- _EXERCISE DETAILS_
Nothing but the lines below from the one containing "petal × seed pearl(MIX)" through the one containing "Лучше всего данный" should appear in the answer, exact and without pictures.

- _DATASET EXTRACT_

== Segment start ==

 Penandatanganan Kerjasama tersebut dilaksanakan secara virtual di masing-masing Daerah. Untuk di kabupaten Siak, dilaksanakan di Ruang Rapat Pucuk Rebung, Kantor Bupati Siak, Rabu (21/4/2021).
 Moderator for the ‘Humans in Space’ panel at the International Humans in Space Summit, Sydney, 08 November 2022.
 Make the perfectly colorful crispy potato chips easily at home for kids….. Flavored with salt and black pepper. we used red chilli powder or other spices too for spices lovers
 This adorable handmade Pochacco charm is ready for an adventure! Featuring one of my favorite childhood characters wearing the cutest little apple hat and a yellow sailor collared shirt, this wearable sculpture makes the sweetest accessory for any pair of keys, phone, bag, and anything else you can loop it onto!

== Segment end ==
== Segment start ==

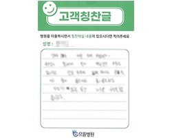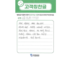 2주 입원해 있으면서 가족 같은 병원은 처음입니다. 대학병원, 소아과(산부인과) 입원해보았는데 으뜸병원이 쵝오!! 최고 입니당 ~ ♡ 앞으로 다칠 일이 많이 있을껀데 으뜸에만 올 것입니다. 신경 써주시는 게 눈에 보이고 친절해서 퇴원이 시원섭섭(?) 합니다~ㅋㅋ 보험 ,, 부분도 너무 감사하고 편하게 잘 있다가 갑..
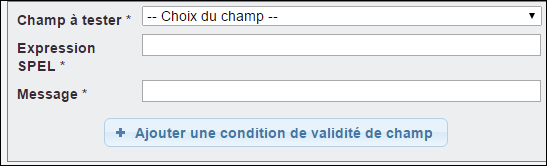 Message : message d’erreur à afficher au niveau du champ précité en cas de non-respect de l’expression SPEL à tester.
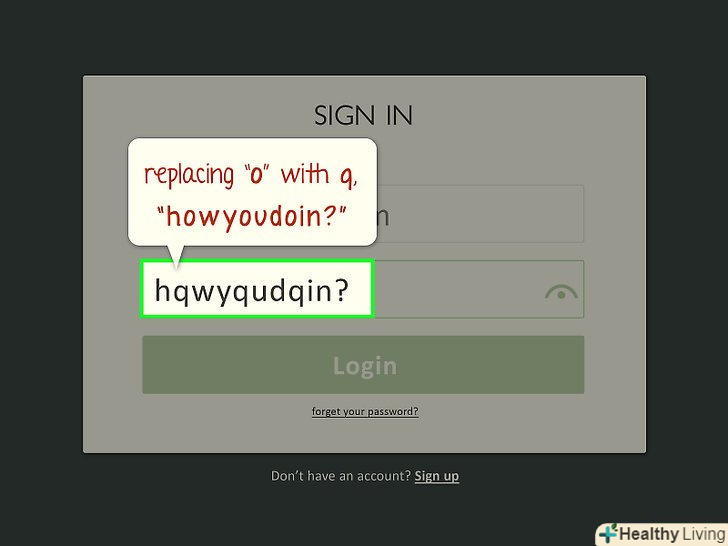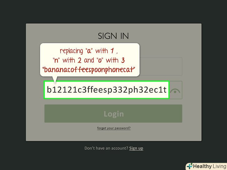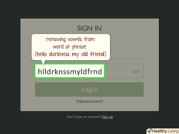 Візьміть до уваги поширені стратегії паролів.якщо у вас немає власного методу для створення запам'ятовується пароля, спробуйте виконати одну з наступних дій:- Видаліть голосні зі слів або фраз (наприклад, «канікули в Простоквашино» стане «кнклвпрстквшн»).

== Segment end ==
== Segment start ==

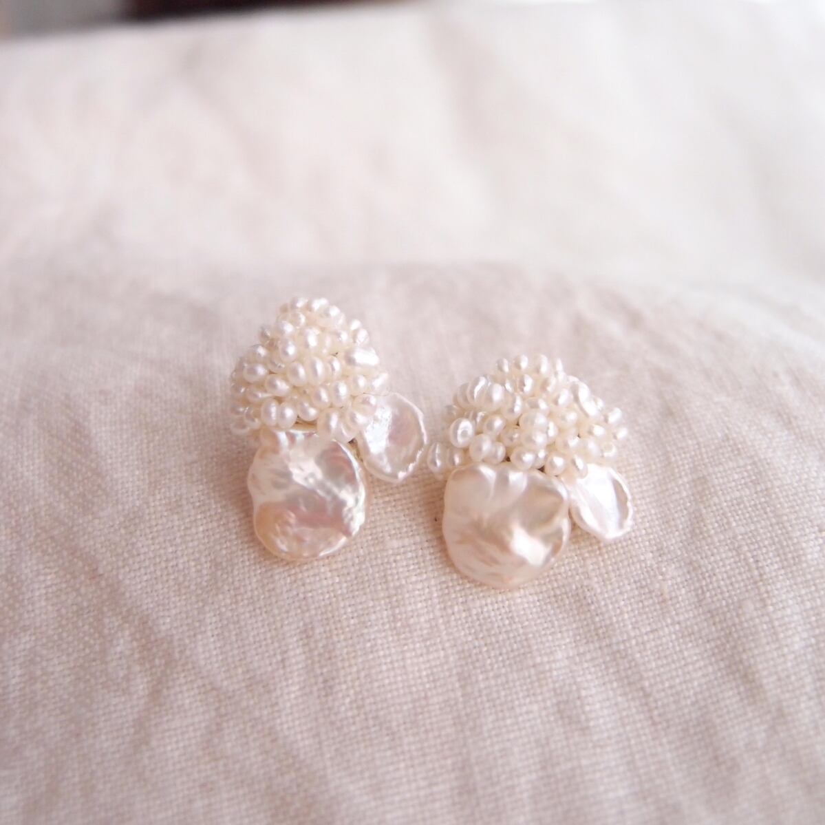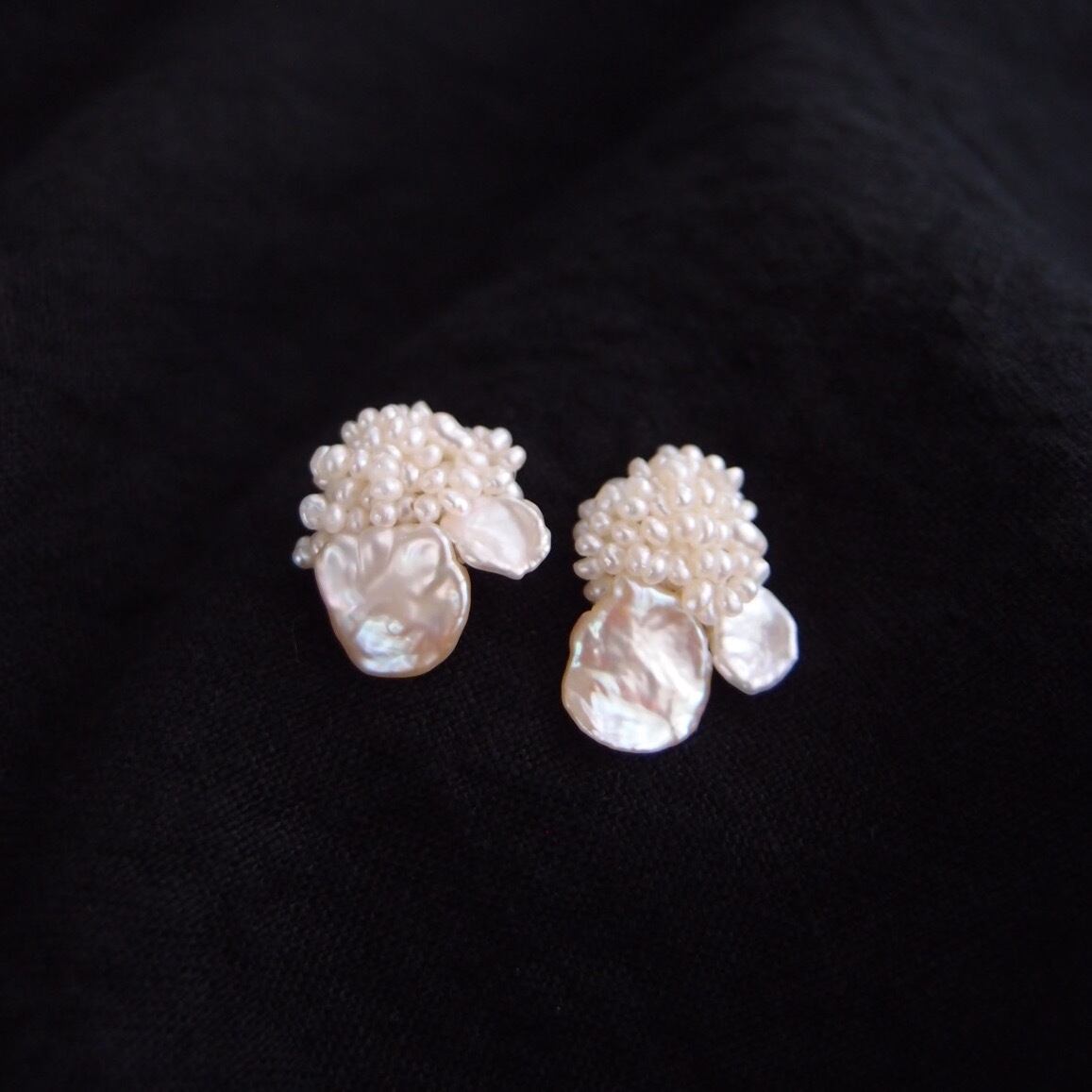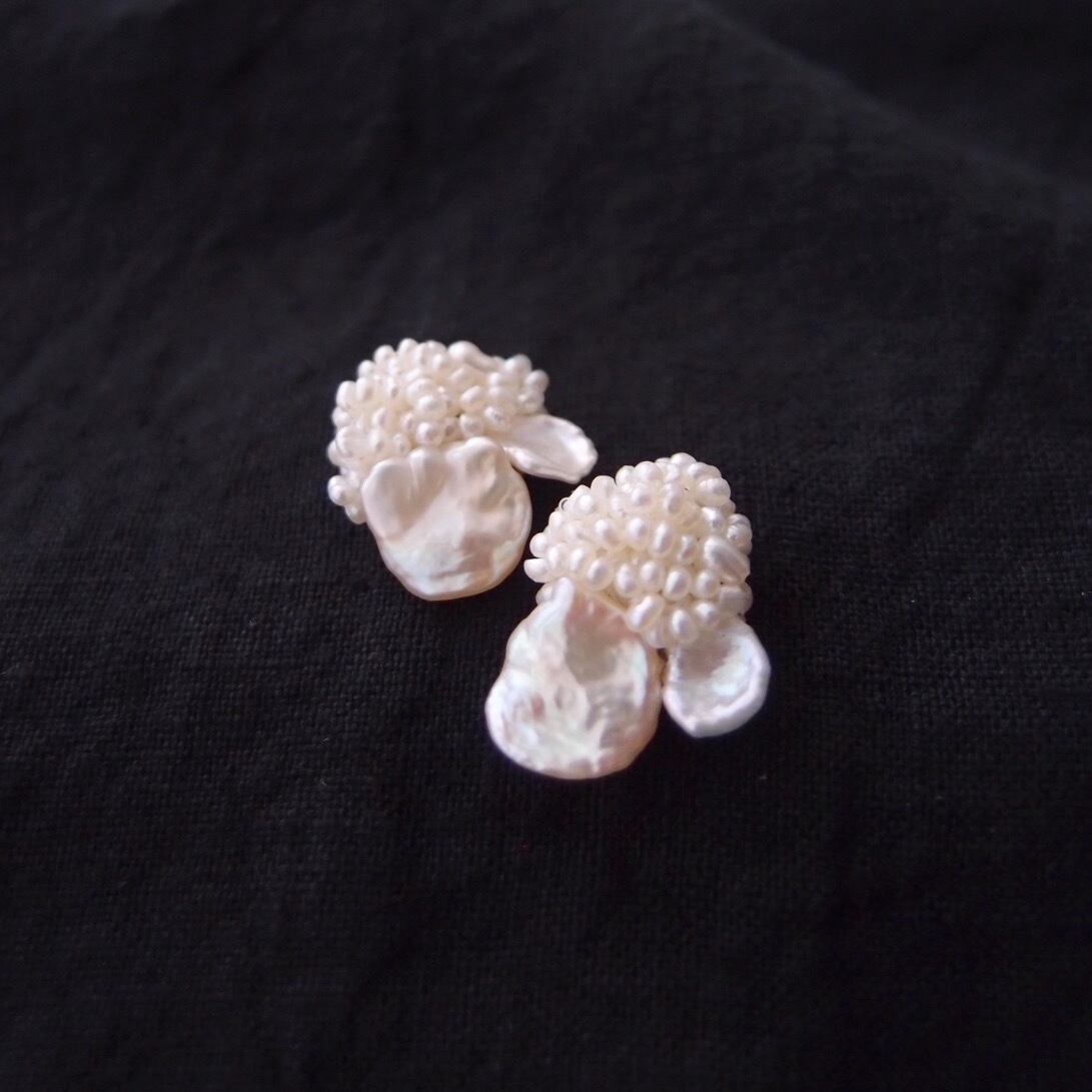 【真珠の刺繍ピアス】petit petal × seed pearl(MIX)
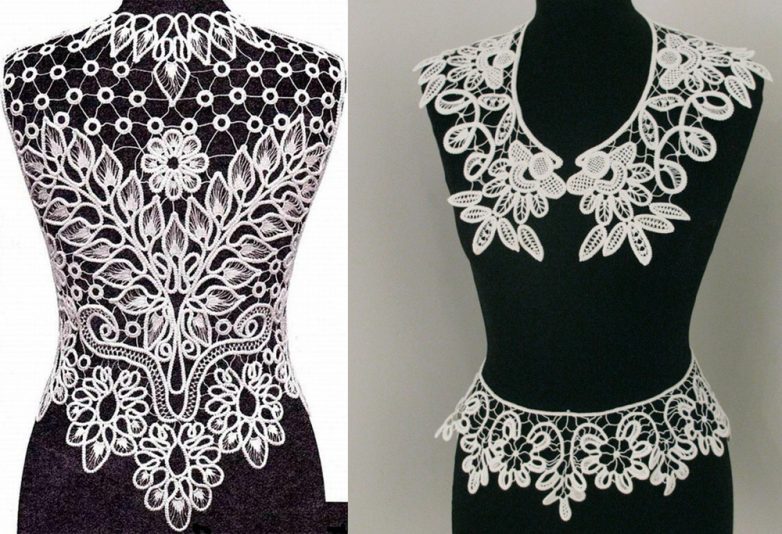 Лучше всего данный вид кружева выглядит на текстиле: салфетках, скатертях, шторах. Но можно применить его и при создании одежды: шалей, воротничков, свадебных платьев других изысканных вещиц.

== Segment end ==

- _SOLVED EXERCISE_
 【真珠の刺繍ピアス】petit petal × seed pearl(MIX)
 Лучше всего данный вид кружева выглядит на текстиле: салфетках, скатертях, шторах. Но можно применить его и при создании одежды: шалей, воротничков, свадебных платьев других изысканных вещиц.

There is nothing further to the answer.